A black, veiny mass was crawling its way up Eleadora’s left arm from her palm. From the spot where the rift used to be.

“This is unstable magic,” said Dorian, his voice ragged as he tried to pull himself together. “The absence left by the rift is potentially as dangerous to her as the rift itself. If it continues to spread it could--”

“Hold out her arm.” Blackwall’s voice was as clear as Dorian’s was muddled, and he drew his sword. “Can you keep her asleep?”

It was as if he were removed from his body. Everything seemed both hyper-real and too slow to actually be happening, and not for the first time during this little excursion, Dorian wondered if it all might be a dream. He was aware of Bull pulling him away from Eleadora and wrapping an arm across his chest, both comfort and restraint (but for who, Dorian or himself, he wondered), of feeling the deep but unsteady rise and fall of Bull’s chest against his back, of the look of fierce concentration that tightened Blackwall’s eyes and mouth, of casting some tricky, precise bit of magic that would sharpen Blackwall’s blade and cauterize the wound it would leave in its wake, but he felt completely removed from all it.

Blackwall raised his sword.

(“Please don’t make a habit of that,” said Dorian, rolling his eyes and drumming his fingers on the table.
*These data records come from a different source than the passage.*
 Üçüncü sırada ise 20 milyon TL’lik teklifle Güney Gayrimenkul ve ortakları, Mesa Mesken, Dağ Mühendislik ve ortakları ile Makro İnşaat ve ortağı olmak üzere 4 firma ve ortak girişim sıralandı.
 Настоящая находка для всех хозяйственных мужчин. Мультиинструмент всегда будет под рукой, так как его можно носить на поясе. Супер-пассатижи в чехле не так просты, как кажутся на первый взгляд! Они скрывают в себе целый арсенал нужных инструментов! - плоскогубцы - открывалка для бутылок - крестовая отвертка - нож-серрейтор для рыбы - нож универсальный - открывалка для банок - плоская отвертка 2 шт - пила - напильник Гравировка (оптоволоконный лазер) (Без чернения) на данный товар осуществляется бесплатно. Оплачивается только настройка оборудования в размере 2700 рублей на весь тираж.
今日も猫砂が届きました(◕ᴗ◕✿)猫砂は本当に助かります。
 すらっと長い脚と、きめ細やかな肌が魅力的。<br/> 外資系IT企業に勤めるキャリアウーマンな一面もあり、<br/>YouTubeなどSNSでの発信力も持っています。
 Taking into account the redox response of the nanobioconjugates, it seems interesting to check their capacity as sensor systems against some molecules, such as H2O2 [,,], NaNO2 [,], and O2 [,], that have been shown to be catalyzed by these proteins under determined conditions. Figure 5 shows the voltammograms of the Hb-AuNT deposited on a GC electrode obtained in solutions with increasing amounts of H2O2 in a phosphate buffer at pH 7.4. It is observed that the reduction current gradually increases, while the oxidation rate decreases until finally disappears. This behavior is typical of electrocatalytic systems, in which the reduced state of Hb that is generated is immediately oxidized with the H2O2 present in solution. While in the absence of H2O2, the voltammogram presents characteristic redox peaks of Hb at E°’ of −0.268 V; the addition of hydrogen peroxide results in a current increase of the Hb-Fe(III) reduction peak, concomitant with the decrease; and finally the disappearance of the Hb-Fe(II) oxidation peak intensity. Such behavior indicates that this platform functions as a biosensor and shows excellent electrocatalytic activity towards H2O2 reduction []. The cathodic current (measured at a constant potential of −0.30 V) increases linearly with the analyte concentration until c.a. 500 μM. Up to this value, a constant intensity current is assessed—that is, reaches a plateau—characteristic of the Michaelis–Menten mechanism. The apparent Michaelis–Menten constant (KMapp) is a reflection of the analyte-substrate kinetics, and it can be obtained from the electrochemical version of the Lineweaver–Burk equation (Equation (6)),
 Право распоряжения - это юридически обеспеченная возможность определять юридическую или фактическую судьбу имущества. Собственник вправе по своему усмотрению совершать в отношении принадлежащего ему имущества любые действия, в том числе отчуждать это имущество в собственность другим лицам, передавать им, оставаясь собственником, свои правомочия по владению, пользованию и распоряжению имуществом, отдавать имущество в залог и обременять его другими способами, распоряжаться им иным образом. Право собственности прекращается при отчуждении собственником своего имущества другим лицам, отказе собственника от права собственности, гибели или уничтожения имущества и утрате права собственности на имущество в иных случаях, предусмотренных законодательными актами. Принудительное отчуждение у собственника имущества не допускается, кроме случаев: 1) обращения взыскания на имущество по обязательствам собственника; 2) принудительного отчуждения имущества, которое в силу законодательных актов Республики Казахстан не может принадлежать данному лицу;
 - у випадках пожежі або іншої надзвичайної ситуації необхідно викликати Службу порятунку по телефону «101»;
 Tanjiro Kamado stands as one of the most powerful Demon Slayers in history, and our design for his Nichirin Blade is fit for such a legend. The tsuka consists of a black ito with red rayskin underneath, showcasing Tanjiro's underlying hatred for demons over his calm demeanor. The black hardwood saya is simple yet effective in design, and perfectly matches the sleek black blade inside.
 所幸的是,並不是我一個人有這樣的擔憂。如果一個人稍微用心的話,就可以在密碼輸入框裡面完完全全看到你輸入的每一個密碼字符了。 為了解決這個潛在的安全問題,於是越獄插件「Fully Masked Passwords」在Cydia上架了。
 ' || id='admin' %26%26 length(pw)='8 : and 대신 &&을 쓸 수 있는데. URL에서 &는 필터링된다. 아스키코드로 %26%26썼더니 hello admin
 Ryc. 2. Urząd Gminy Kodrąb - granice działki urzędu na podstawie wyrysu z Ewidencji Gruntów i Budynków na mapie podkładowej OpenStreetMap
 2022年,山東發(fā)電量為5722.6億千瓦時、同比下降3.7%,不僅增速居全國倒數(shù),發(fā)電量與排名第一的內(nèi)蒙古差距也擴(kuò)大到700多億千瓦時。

“What?” asked Sera, her sharp grin revealing her tongue sticking out from between her teeth.

“The things Sera probably shouldn’t make a habit of could fill a book,” said Varric, pen in hand and not looking up from his notebook, “I should know, I’m thinking it has spin off potential.”

“It would take minimal effort to say ‘Eleadora and Dorian,’” Dorian continued, watching as Sera frowned at Varric. “There’s no need for--”

“‘Eleadorian’ saves way more time than ‘El-uh-dor-a and Dor-ee-an’,” rebuked Sera, perking up as she saw Eleadora weaving her way through the crowd carrying more drinks. “You two’re never more’n five steps from each other. That's time management.”

Dorian let out a long breath as Eleadora slid a bottle of wine his way. “It makes us sound as if we are a double act in a third rate theater troupe.”

Eleadora cocked her head at him as she settled in the chair to his right before Varric raised the pint she had deposited into his hand toward Sera. “Eleadorian.”

“Oh!” She waved at someone, and Dorian glanced over to see Cullen entering the tavern, his hair slightly tousled by the snow and wind, before Eleadora turned her attention back to Sera. “Yes, no, if you’re going to go with a terrible nickname you might as well get it right.”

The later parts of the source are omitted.